---- Task inputs

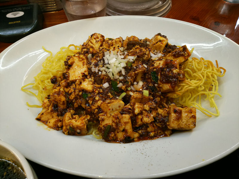 という事で、麻婆焼きそばです。麺は両面をしっかりと焼いたタイプでパリパリ。中はしっとりというタイプの焼きそばです。のっている麻婆豆腐はかなり本格的。これ結構辛いやつです。
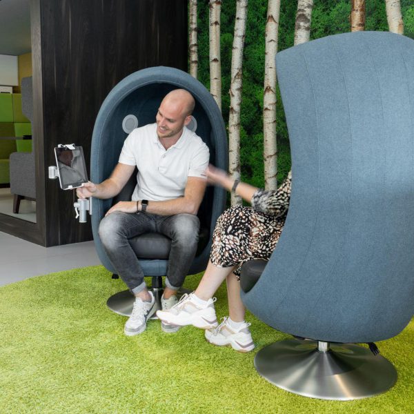 Ook voor de kantooromgeving is de akoestische stoel een uitkomst. Een kantooromgeving heeft veel afleidingen. Per dag word je wel 240 keer onderbroken in je werkzaamheden, wat een negatieve invloed heeft op je productiviteit en concentratievermogen. Neem je plaats in de 4-Senses dan kun je je afschermen van je omgeving zodat je je kunt focussen op een belangrijke taak of telefoongesprek. Of je neemt even de tijd om te ontspannen zodat je daarna weer vol energie aan de slag kunt.
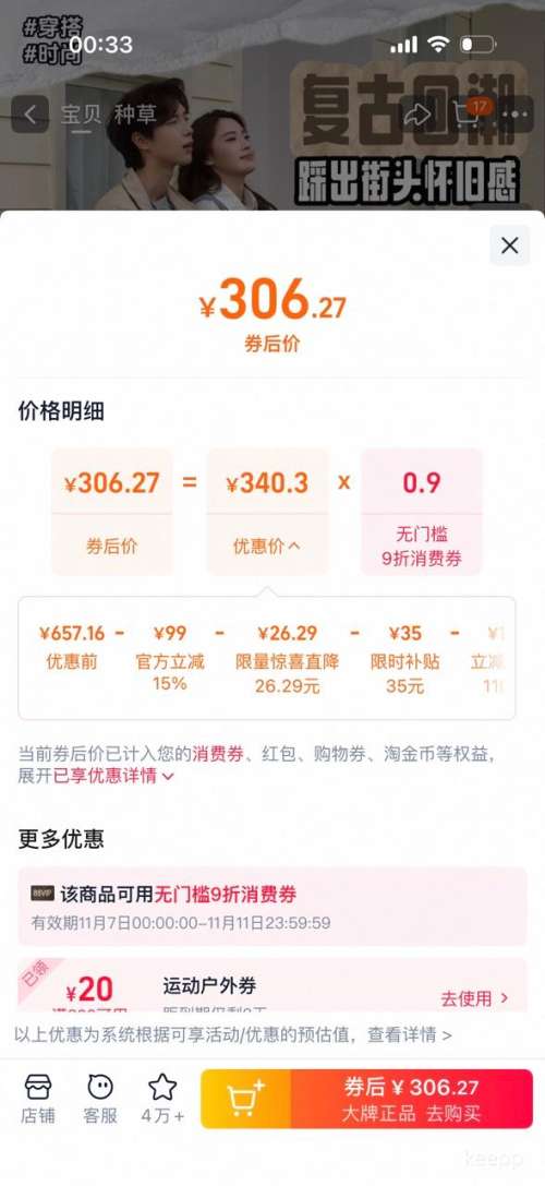 商品到手价236.64元包邮+6.57元淘金币(需领券),根据小编提供的优惠信息(优惠券+88vip双11无门槛9折 开门红消费券 至高抵(50/200/500)+如何使用淘金币抵扣+满600-40/900-70元+69.63元淘礼金),下单1件。好价不错过,感兴趣的朋友可以试试!
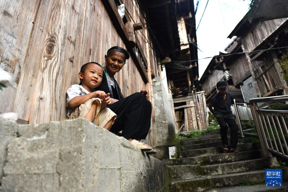 在融水苗族自治縣桿洞鄉堯告村,75歲的梁妹略老人和孫子坐在路旁休息(8月13日攝)。
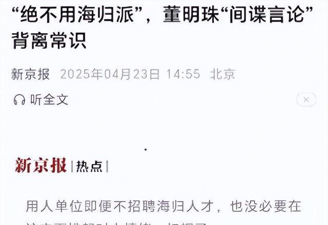 但真正在网络上引发“腥风血雨”的,是董明珠的第三个决断——“绝不用海归派,海归派里有间谍”。
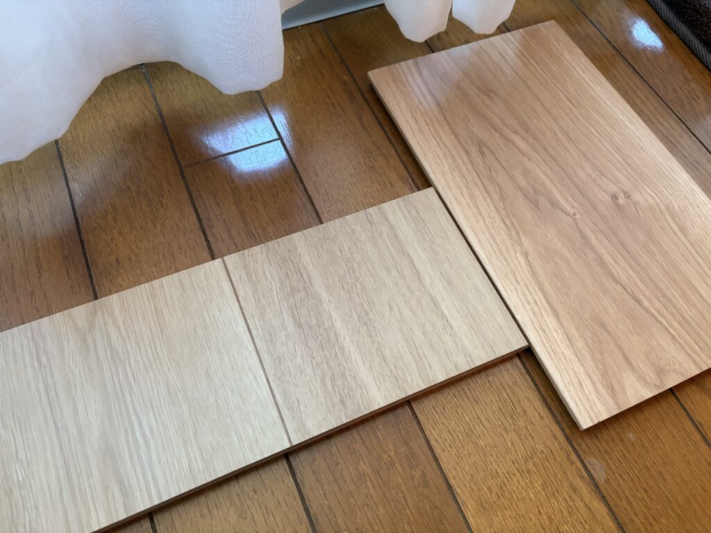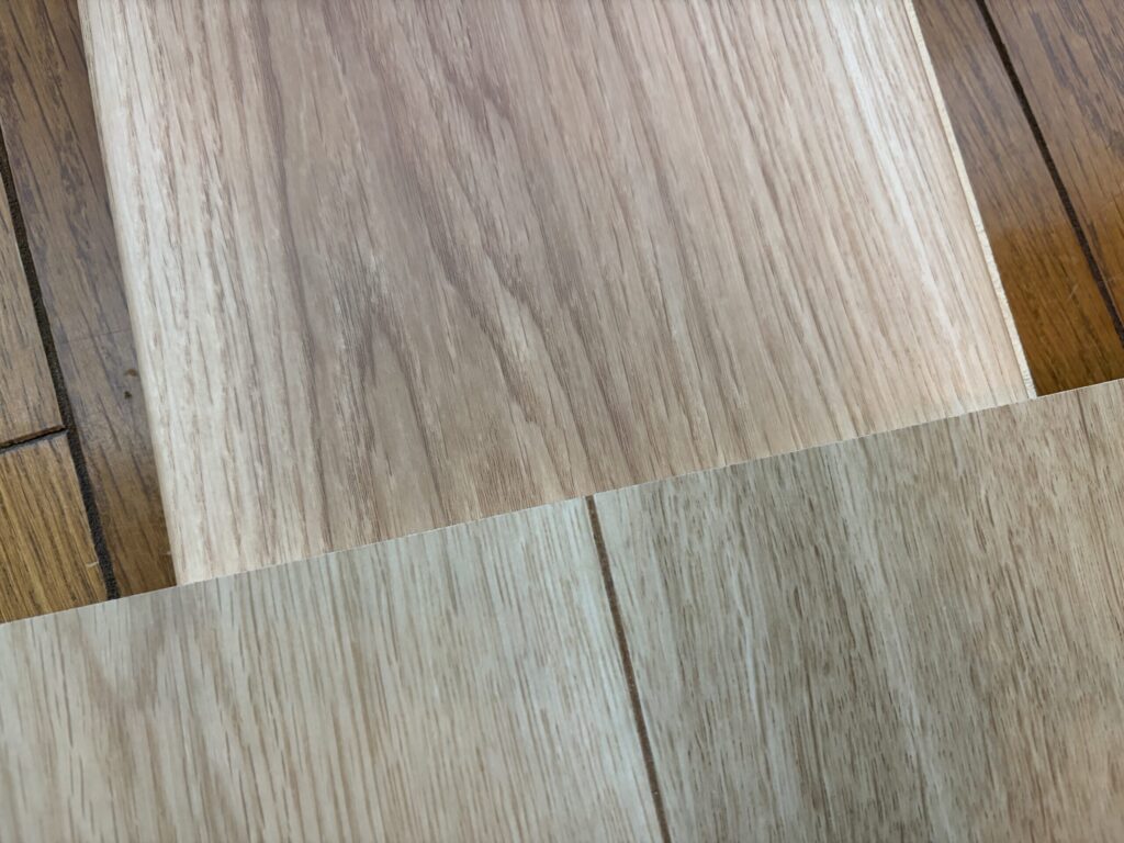 自然光の下で左右に並べると、色みの違いがはっきり出ます。パナソニックはグレーがかった白ベージュ、トリニティは温かみのあるブラウンベージュ。同じ「オーク」でも方向性がまったく違うので、「自分の部屋のインテリアに合うのはどちらか」という視点で考えてみてください。

--------

Work instructions: Print, word for word, every entry shown above; the pictures stay out.

Your solution:
 という事で、麻婆焼きそばです。麺は両面をしっかりと焼いたタイプでパリパリ。中はしっとりというタイプの焼きそばです。のっている麻婆豆腐はかなり本格的。これ結構辛いやつです。
 Ook voor de kantooromgeving is de akoestische stoel een uitkomst. Een kantooromgeving heeft veel afleidingen. Per dag word je wel 240 keer onderbroken in je werkzaamheden, wat een negatieve invloed heeft op je productiviteit en concentratievermogen. Neem je plaats in de 4-Senses dan kun je je afschermen van je omgeving zodat je je kunt focussen op een belangrijke taak of telefoongesprek. Of je neemt even de tijd om te ontspannen zodat je daarna weer vol energie aan de slag kunt.
 商品到手价236.64元包邮+6.57元淘金币(需领券),根据小编提供的优惠信息(优惠券+88vip双11无门槛9折 开门红消费券 至高抵(50/200/500)+如何使用淘金币抵扣+满600-40/900-70元+69.63元淘礼金),下单1件。好价不错过,感兴趣的朋友可以试试!
 在融水苗族自治縣桿洞鄉堯告村,75歲的梁妹略老人和孫子坐在路旁休息(8月13日攝)。
 但真正在网络上引发“腥风血雨”的,是董明珠的第三个决断——“绝不用海归派,海归派里有间谍”。
 自然光の下で左右に並べると、色みの違いがはっきり出ます。パナソニックはグレーがかった白ベージュ、トリニティは温かみのあるブラウンベージュ。同じ「オーク」でも方向性がまったく違うので、「自分の部屋のインテリアに合うのはどちらか」という視点で考えてみてください。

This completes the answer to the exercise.